March 20, 2020Share
Germs, Employers and the Law
By: Miriam Brooks, Attorney in the Fort Lauderdale office where she assists in handling matters related to Employment and Labor Law.
As of March 19, 2020, according to the Florida Department of Health, there are three hundred and ninety-three (393) confirmed cases of COVID-19 amongst Florida residents. There have been nine (9) deaths. Employers should be cognizant and wary as to potential claims under the Florida Civil Rights Act, OSHA, Title VII, Age Discrimination, FMLA, Worker’s Compensation Claims and the Americans with Disabilities Act.
Nevertheless, employers should be aware of a favorable 2019 opinion issued by the Eleventh Circuit.
EEOC v. STME, d.b.a. Massage-Envy-South Tampa, 938 F. 39 1305 (11th Cir. 2019) may provide some guidance. The employee made travel arrangements to Ghana to visit her sister. The employer told her that if she traveled to Ghana, she would be fired because of the Ebola virus. The employee proceeded with her travel plans. The employee returned and did not contract the Ebola virus; yet, she was not permitted to keep her bookings.

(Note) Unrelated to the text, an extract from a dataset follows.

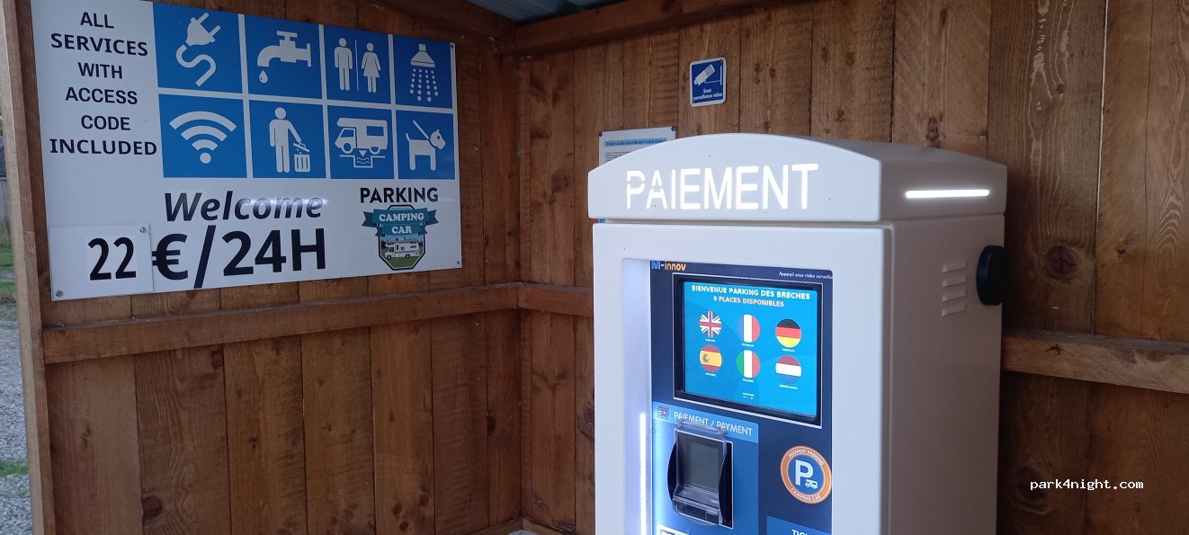 Sitio fácil de encontrar, que puedes entrar a cualquier hora haciendo el pago con tarjeta en la máquina , con buenos servicios ( electricidad, agua y vaciado de aguas), rodeado de restaurantes y servicios. Caminando 45 min llegas a monte saint Michel.

The EEOC claimed that she suffered disability discrimination because of the right to be reasonably accommodated; and the right to associate with disabled persons. The Eleventh Circuit did not extend “regarded as having a disability” because at the time the employee was fired, she did not have a disability or a perceived disability.
The Court stated that predisposition to developing an illness is not a physical impairment. Furthermore, the associational disability claim failed because the employee did not plausibly allege that the employer knew that Plaintiff had an association with a specific disabled person. Lastly, the court held that since Plaintiff did not have a disability or perceived disability, she was not protected under the ADA and did not require reasonable accommodation.
Disclaimer: This article is intended to provide you with general information regarding the impact of a potential or actual coronavirus pandemic. The contents of this article are not intended to provide specific legal advice.